这可能是一个错误。在github上查看有关此问题的问题: BUG:json_normalize失败,数组/列表为空。为了避免这个错误,你应该将列表转换为字符串,然后使用json_normalize最后将字符串类型的列表转换为列表:

if len(your_json_data["features"]) > 1:
    for i in your_json_data["features"]:
        i["candidate"]["skills"] = str(i["candidate"]["skills"])
else:
    your_json_data["features"]["candidate"]["skills"] = str(your_json_data["features"]["candidate"]["skills"])

json_normalize后:

df ["features.candidate.skills"] = df["features.candidate.skills"].apply(ast.literal_eval)

输出

|    | company   | position                 | start_date   | end_date   | features.candidate.first_name   | features.candidate.last_name   | features.candidate.relocation   | features.candidate.skills                             | features.candidate.specialty   | features.candidate.state   |
|---:|:----------|:-------------------------|:-------------|:-----------|:--------------------------------|:-------------------------------|:--------------------------------|:------------------------------------------------------|:-------------------------------|:---------------------------|
|  0 | XYZ Corp  | Software Engineer        | 2016-01-01   | 2021-03-01 | Margaret                        | Mcdonald                       | no                              | ['skLearn', 'Java', 'R', 'SQL', 'Spark', 'C++']       | Database                       | AL                         |
|  1 | ABC Inc   | Senior Software Engineer | 2021-04-01   | nan        | Margaret                        | Mcdonald                       | no                              | ['skLearn', 'Java', 'R', 'SQL', 'Spark', 'C++']       | Database                       | AL                         |
|  2 | DFC Corp  | Software Engineer        | 2016-01-01   | 2021-03-01 | Michael                         | Carter                         | yes                             | ['TensorFlow', 'R', 'Spark', 'MongoDB', 'C++', 'SQL'] | Statistics                     | AR                         |
|  3 | SDC Inc   | Senior Software Engineer | 2021-04-01   | nan        | Michael                         | Carter                         | yes                             | ['TensorFlow', 'R', 'Spark', 'MongoDB', 'C++', 'SQL'] | Statistics                     | AR                         |

完整代码

import ast
if len(your_json_data["features"]) > 1:
    for i in your_json_data["features"]:
        i["candidate"]["skills"] = str(i["candidate"]["skills"])
else:
    your_json_data["features"]["candidate"]["skills"] = str(your_json_data["features"]["candidate"]["skills"])

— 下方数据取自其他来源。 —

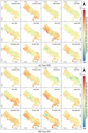 Formaldehyde (HCHO) is one of the major hazardous air pollutants (HAPs) [50,51] among the 187 pollutants (HAPs) that are also known for their carcinogenic effect in outdoor environments [52]. HCHO is an intermediate gas in almost all oxidation chains of non-methane volatile organic compounds leading eventually to the formation of CO2 and the concentration of CO2 in the atmosphere. It also acts as an important precursor to Tropospheric O3 concentration. These compounds are released into the troposphere by the oxidation of higher non-methane volatile organic compounds emitted mainly from vegetation, fires, and traffic. People are generally exposed to surface concentrations of HCHO, which are directly related to health risks. Detailed information about its hazardous nature and health impact can be found in published works of literature [50,51]. Considering the hazardous impact, systematic and accurate ground-based monitoring is difficult and associated with several limitations (expensive, associated errors, small scale-point data) [53]. Most countries are facing the problem of ground instruments for HCHO sampling, except the USA, which uses a HAPs sampling network, but is limited to urban regions. There is a requirement for the spatio-temporal monitoring of HCHO at different levels, from the local to a global scale [54]. Therefore, space-borne datasets are suitable for monitoring HCHO and are also supported by Sentinel-5P Tropomi for larger-scale surveillance with effective and accurate outcomes (the maximum achievable value for HCHO concentration was reported to be 0.0074 mol/m2). Satellite datasets were utilised for mapping HCHO distribution by [55]. Offline HCHO data from December 2018 to December 2021 were collected for analysis (refer to Table 1 for more information). According to the technical user guides available with the cloud computing engine, data points whose quality index (QA-value) was less than 0.5 were removed in order to ensure the best quality of output [56]. Our results show that HCHO’s average concentration is 3.8 × 10−4 mol/m2 over the study sites (refer to Figure 11). The maximum Tropospheric HCHO column number density is found to be 1.31 × 10−5, 3.72 × 10−4 and 2.10 × 10−5 mol/m2 during the AMJ months for the years 2019, 2020, and 2021 while the concentration is 3.92 × 10−4, 4.02 × 10−4, 4 × 10−4, and 4.6 × 10−4 mol/m2 for the OND months of the year 2018, 2019, 2020, and 2021. Furthermore, the HCHO concentration was found to be highest in the southern parts of Haryana, western parts of Punjab, a few parts of Delhi, and the eastern part of UP.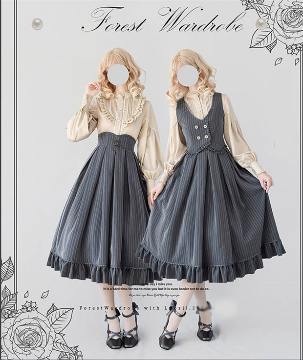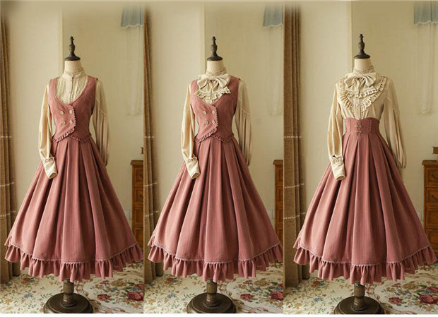 ロリータ スカート レディース ロング ジャンスカ lolita cla フレアスカート ベスト クラロリ レトロロングスカートドレス ロリータファッション d9442c0c0la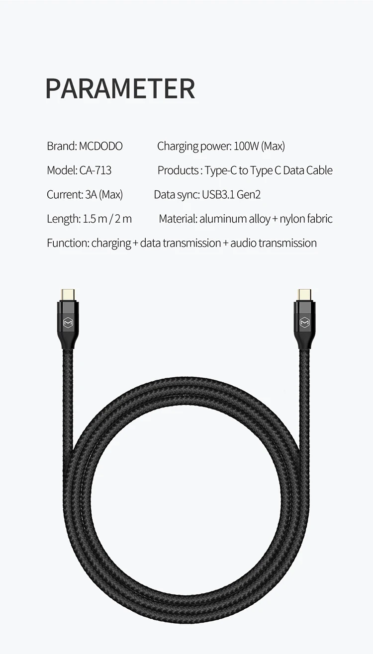 Function: 5Gbps / 10Gbps Data Transmission & Fast Charging Charger USB C Cable

df = pd.json_normalize(your_json_data,record_path=['features',["candidate","experience"]],
                       meta=[["features","candidate","first_name"],["features","candidate","last_name"],
                ["features","candidate","relocation"],["features","candidate","skills"],
                ["features","candidate","specialty"],["features","candidate","state"]])

df["features.candidate.skills"] = df["features.candidate.skills"].apply(ast.literal_eval)

评论

0赞 john 11/5/2023
嘿,首先非常感谢您的代码,您的代码适用于 employee_data1.json,但不适用于employee_data2.json,出现一些错误。.
0赞 Bushmaster 11/5/2023
好。我编辑了我的答案。你能检查一下吗?
0赞 john 11/6/2023
非常感谢,现在为这两个jsons工作。如果您不介意,您也请进行一些其他更改,即。“经验”字段列值应仅显示“相似技能”字段列值,而不是在每条记录中显示同一人的每个体验。您可以将features.candidate.first_name重命名为 first_name(没有 features.candidate),这同样适用于其他字段。再次感谢!
0赞 Tim Roberts 11/6/2023
这不是一项免费的咨询服务。您需要主动清理此处提出的建议。
0赞 john 11/6/2023
@TimRoberts我已经尝试过了,请找到我在实际主题中尝试过的脚本代码。所以来这里帮忙。我没有从我的角度尝试就问了。顺便说一句,我对 Python 很陌生。.